While preferred embodiments of the present invention have been described, additional variations and modifications in those embodiments may occur to those skilled in the art once they learn of the basic inventive concepts. Therefore, it is intended that the appended claims be interpreted as including preferred embodiments and all such alterations and modifications as fall within the scope of the invention. It will be apparent to those skilled in the art that various changes and modifications may be made in the present invention without departing from the spirit and scope of the invention. Thus, if such modifications and variations of the present invention fall within the scope of the claims of the present invention and their equivalents, the present invention is also intended to include such modifications and variations.

Claims

1. A method for realizing an access control visual intercom service is characterized by comprising the following steps:

2. The method for implementing video intercom service of entrance guard according to claim 1, wherein after receiving the incoming call information of the visitor and before detecting whether the voice command of the user is received, the method further comprises the steps of: and starting the visitor management scene, and pushing and displaying information corresponding to the visitor management scene.
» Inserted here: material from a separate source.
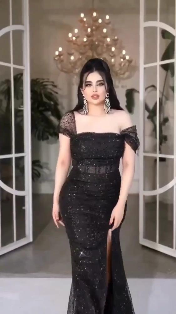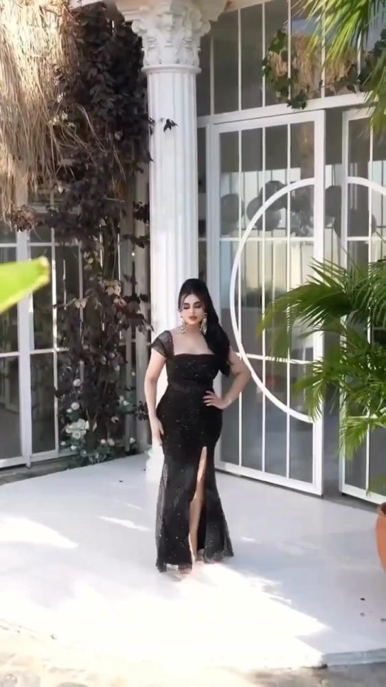 فستان سهرة قماش كردانة مبطن تفته ستريتش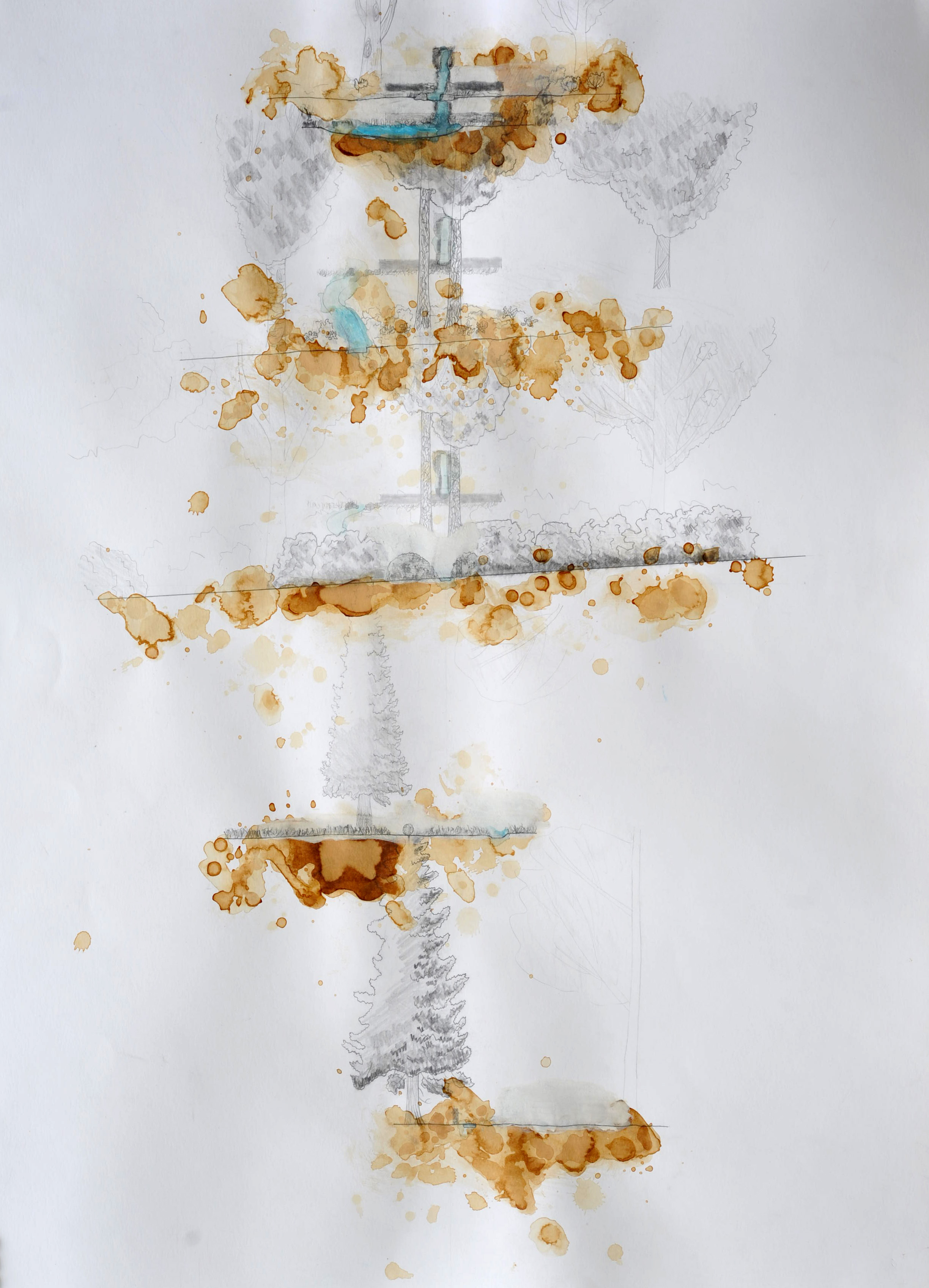 The plans and sections of this project build directly upon past explorations of this site in this course, hence the use of whiteout and diversity of marks on the pages of the plans and sections. The art style of the plans and sections is a result of the instruction of Julie Parrett, in turn heavily influenced by the work of Anuradha Mathur and Dilip da Cunha. The style of the Water Fountain Component Diagram draws upon the style of the graphics in Julia Watson’s book Lo-TEK.

3. The method for implementing video intercom service of entrance guard according to claim 1, wherein after receiving the incoming call information of the visitor and before detecting whether the voice command of the user is received, the method further comprises the steps of:

detecting whether a video connection instruction is received;

4. The method for implementing the door control visual intercom service according to claim 3, wherein the visitor information is judged according to the acquired video image information and is pushed for display.

5. The method for implementing the door control visual intercom service of claim 1, further comprising the steps of:

6. The method for implementing video intercom service for entrance guard according to claim 1, wherein said performing semantic recognition on said voice data of said user comprises:

7. The method for implementing the door control visual intercom service according to claim 1, wherein the judging whether the preset keyword is included is performed, and if the preset keyword is included, the corresponding action is performed, including:

the preset keywords comprise door opening and hanging up;

8. The utility model provides an entrance guard visual intercom service's realization device which characterized in that includes:

9. An intelligent robot, comprising a processor and a memory connected to the processor, wherein the memory stores a plurality of instructions, and the instructions can be loaded and executed by the processor, so that the processor can execute the implementation method of the door access visual intercom service according to any one of claims 1 to 7.
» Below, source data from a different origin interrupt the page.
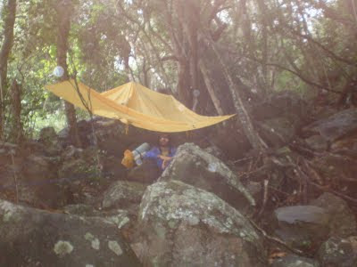 Saimos na quarta antes das 5h da manhã com uma chuva fina, que não parou antes das 12h. Começamos a escalar às 14h após a pedra secar, tocamos mais uns 50m de IV ou V grau e descemos pra base, deixando uma corda fixa. Rango feito na fogueira com a lenha úmida e capotamos.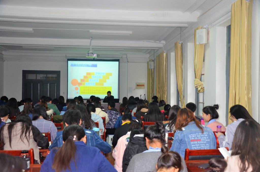 2017年青年马克思主义者培养工程暨党课培训第三讲在学院111教室举行,学校党委组织部组织科科长张烁受邀为学院入党积极分子和学生骨干讲授题为《严格组织程序,规范党员发展》的专题党课。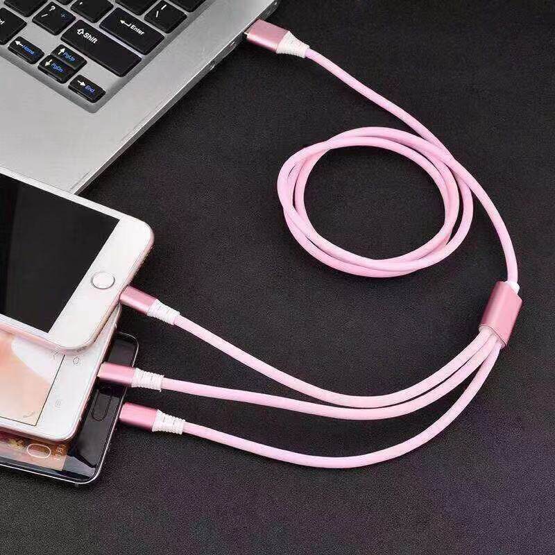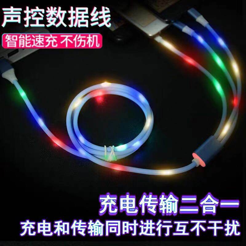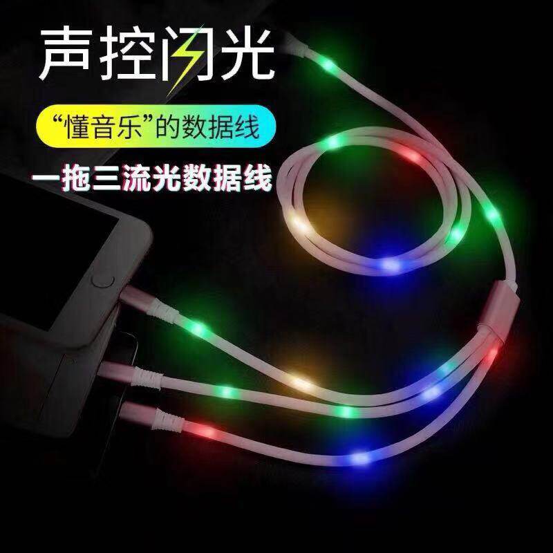 Мигающий разноцветный зарядный кабель с подсветкой, «три в одном»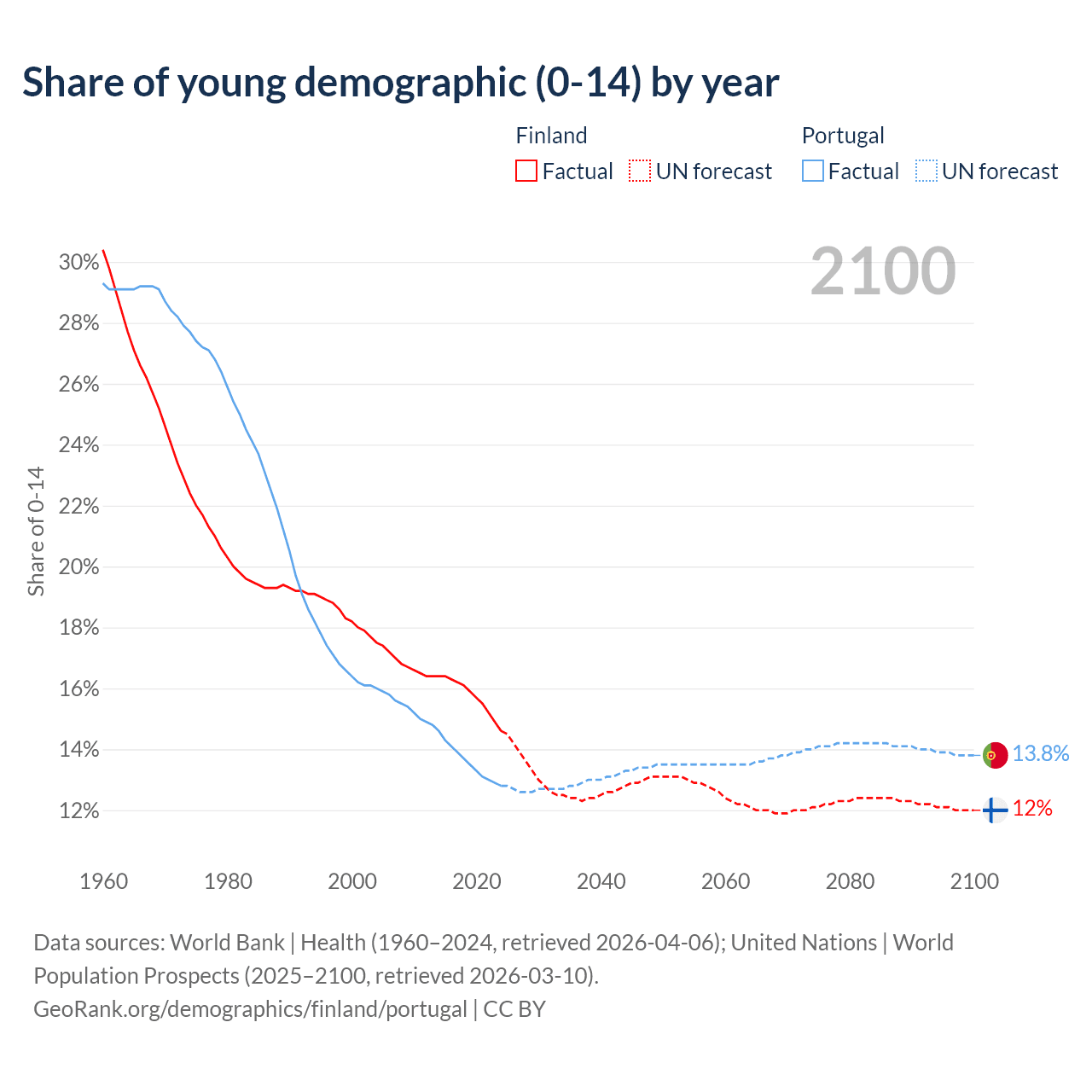 - The share of young demographic (0-15 years old) in Finland is 14.6% vs 12.8% in Portugal.

10. The system for realizing the visual intercom service of the entrance guard is characterized by comprising the intelligent robot according to claim 9, and further comprising an entrance guard host, entrance guard extensions and a cloud intercom server, wherein the entrance guard host is connected with the entrance guard extensions, the entrance guard host passes through the cloud intercom server and the intelligent robot are connected, and the intelligent robot passes through the information of the entrance guard extensions.